X = df.drop("CreditRisk", axis=1)
y = df["CreditRisk"]

# Load feature groups (saved from Notebook 01)
with open("../configs/feature_groups.json", "r") as f:
    feature_groups = json.load(f)

num_cols = feature_groups["num_cols"]
simple_cat_cols = feature_groups["simple_cat_cols"]
complex_cat_cols = feature_groups["complex_cat_cols"]

num_cols, simple_cat_cols, complex_cat_cols


(['Duration',
  'CreditAmount',
  'InstallmentRate',
  'ResidenceSince',
  'Age',
  'ExistingCredits',
  'PeopleLiable'],
 ['OtherDetors',
  'OtherInstallmentPlans',
  'Housing',
  'Telephone',
  'ForeignWorker'],
 ['Status',
  'CreditHistory',
  'Purpose',
  'Savings',
  'Employment',
  'SexAndStatus',
  'Property',
  'Job'])

In [5]:
# Numeric pipeline: impute median + scale
num_pipeline = Pipeline(steps=[
    ("imputer", SimpleImputer(strategy="median")),
    ("scaler", StandardScaler())
])

# Simple categorical pipeline: impute most frequent + one-hot encode
simple_cat_pipeline = Pipeline(steps=[
    ("imputer", SimpleImputer(strategy="most_frequent")),
    ("onehot", OneHotEncoder(handle_unknown="ignore", sparse_output=False))
])

# Complex categorical pipeline: impute most frequent + target encode
complex_cat_pipeline = Pipeline(steps=[
    ("imputer", SimpleImputer(strategy="most_frequent")),
    ("targetenc", TargetEncoder())
])

# Combine everything into a ColumnTransformer
preprocessor = ColumnTransformer(
    transformers=[
        ("num", num_pipeline, num_cols),
        ("simple_cat", simple_cat_pipeline, simple_cat_cols),
        ("complex_cat", complex_cat_pipeline, complex_cat_cols),
    ]
)


### Preprocessing pipelines

- Numeric: median imputation + scaling.  
- Simple categorical: mode imputation + one-hot encoding.  
- Complex categorical: mode imputation + target encoding.  

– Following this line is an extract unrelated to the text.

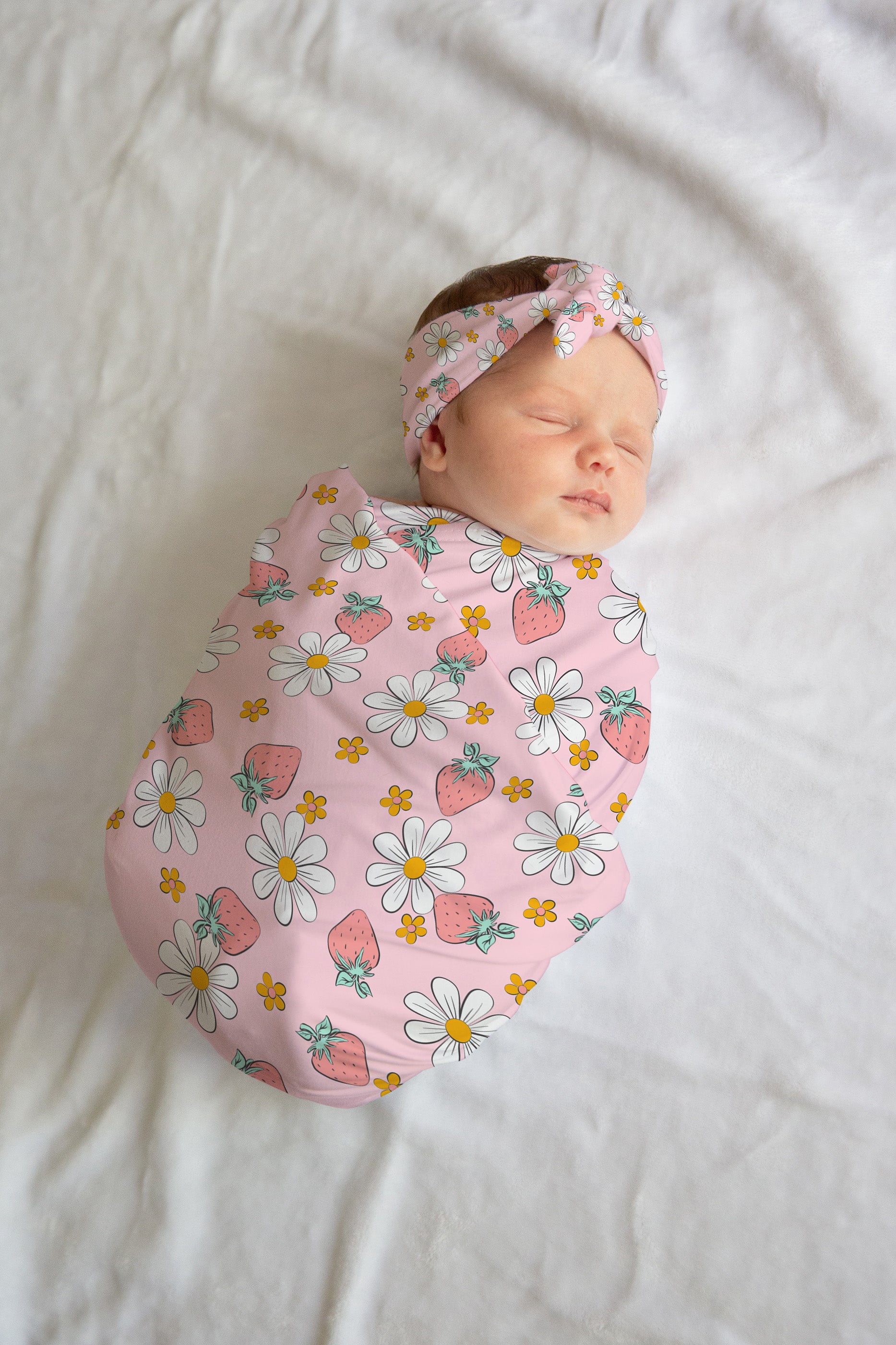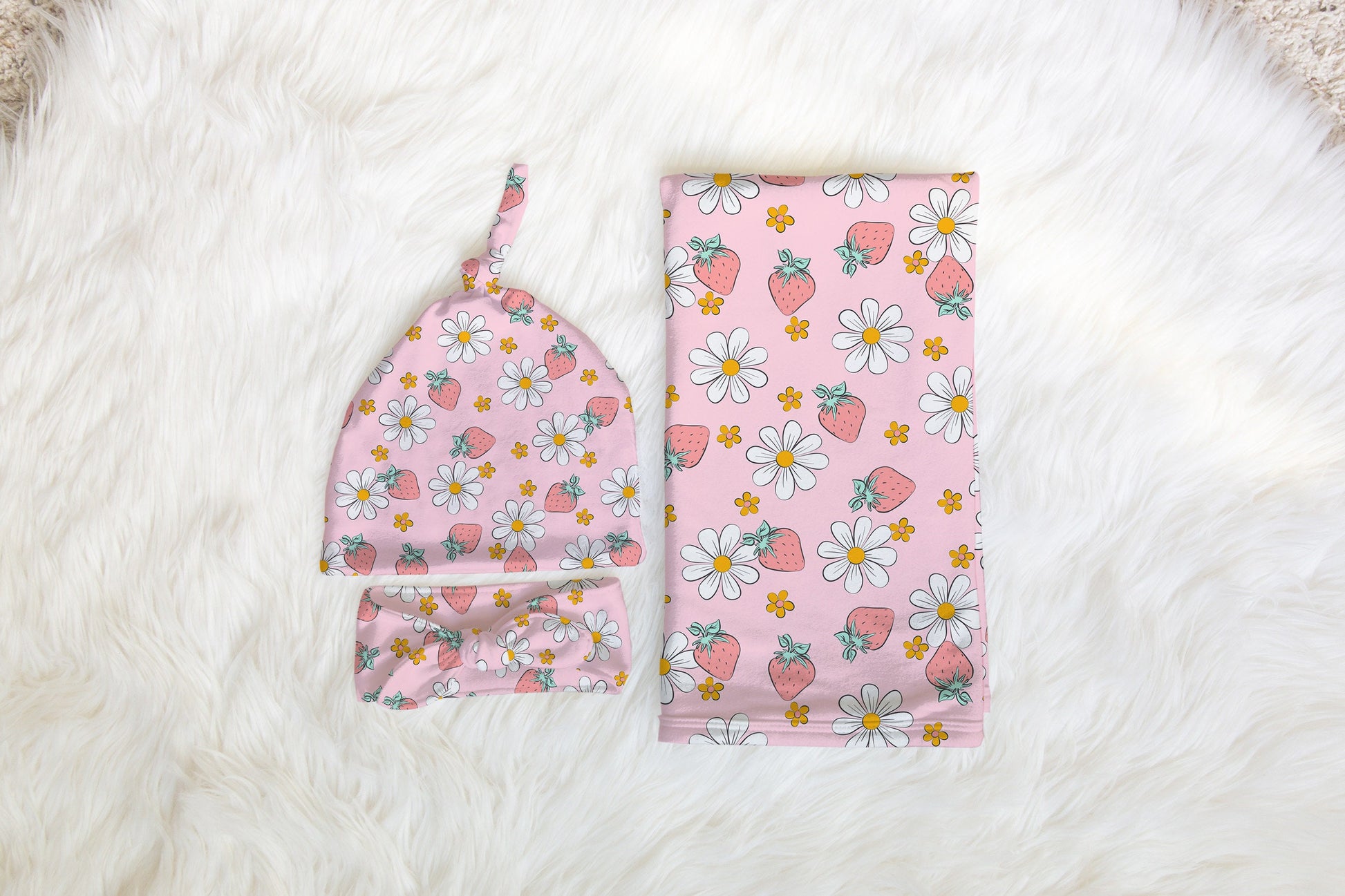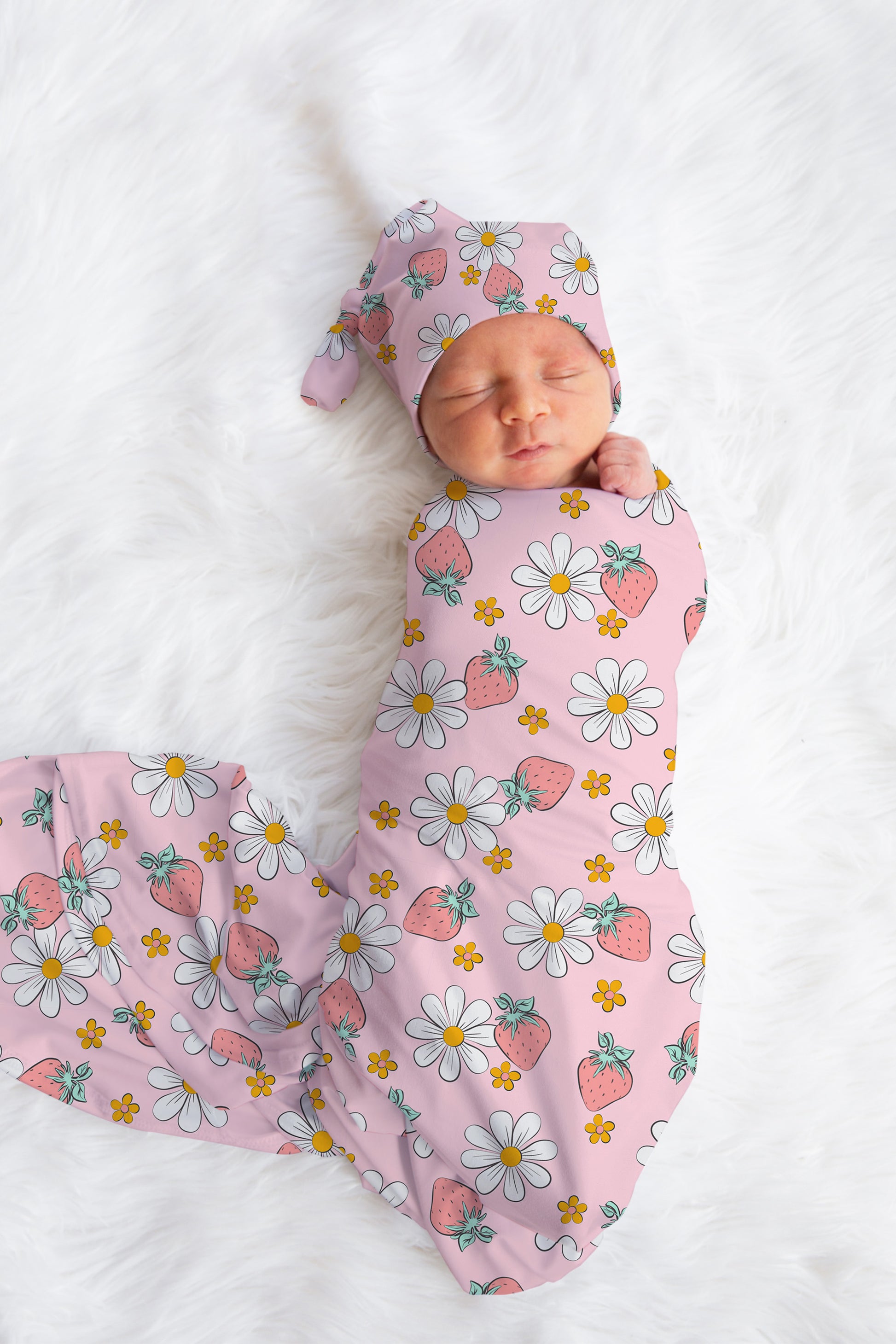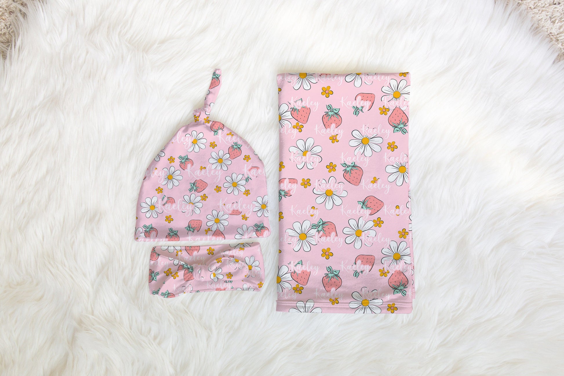 Personalized Strawberry Pink Baby Swaddle Set for newborn

These pipelines cover all feature groups and are combined into a single ColumnTransformer for use in model training.


In [6]:
# Fit the preprocessor on the dataset and transform
X_transformed = preprocessor.fit_transform(X, y)

print("Original shape:", X.shape)
print("Transformed shape:", X_transformed.shape)

# Build DataFrame with column names for inspection
import numpy as np

# Get transformed column names
num_features = preprocessor.named_transformers_["num"].get_feature_names_out(num_cols).tolist()
simple_features = preprocessor.named_transformers_["simple_cat"].get_feature_names_out(simple_cat_cols).tolist()
complex_features = complex_cat_cols  # target encoder keeps same col names

all_features = num_features + simple_features + complex_features

X_transformed_df = pd.DataFrame(X_transformed, columns=all_features)

X_transformed_df.head()


Original shape: (1000, 20)
Transformed shape: (1000, 28)


Unnamed: 0,Duration,CreditAmount,InstallmentRate,ResidenceSince,Age,ExistingCredits,PeopleLiable,OtherDetors_co-applicant,OtherDetors_guarantor,OtherDetors_none,...,ForeignWorker_no,ForeignWorker_yes,Status,CreditHistory,Purpose,Savings,Employment,SexAndStatus,Property,Job
0,-1.236478,-0.745131,0.918477,1.046987,2.766456,1.027079,-0.42829,0.0,0.0,1.0,...,0.0,1.0,0.492701,0.170648,0.221429,0.174863,0.252964,0.266423,0.212766,0.295238
1,2.248194,0.949817,-0.870183,-0.765977,-1.191404,-0.704926,-0.42829,0.0,0.0,1.0,...,0.0,1.0,0.390335,0.318868,0.221429,0.359867,0.306785,0.351613,0.212766,0.295238
2,-0.738668,-0.416562,-0.870183,0.140505,1.183312,-0.704926,2.334869,0.0,0.0,1.0,...,0.0,1.0,0.116751,0.170648,0.43336,0.359867,0.224138,0.266423,0.212766,0.28
3,1.750384,1.634247,-0.870183,1.046987,0.831502,-0.704926,2.334869,0.0,1.0,0.0,...,0.0,1.0,0.492701,0.318868,0.320442,0.359867,0.224138,0.266423,0.306034,0.295238
4,0.256953,0.566664,0.024147,1.046987,1.535122,1.027079,2.334869,0.0,0.0,1.0,...,0.0,1.0,0.492701,0.318162,0.380342,0.359867,0.306785,0.266423,0.435065,0.295238


### Transformed dataset

- Original dataset: (1000 rows, 20 features).  
- Transformed dataset: larger feature space (28 features) due to one-hot encoding.  
- Column names are preserved for numeric and complex features, and expanded for simple categorical (OHE).  

This confirms the preprocessing design works as intended and can be embedded in the training pipeline.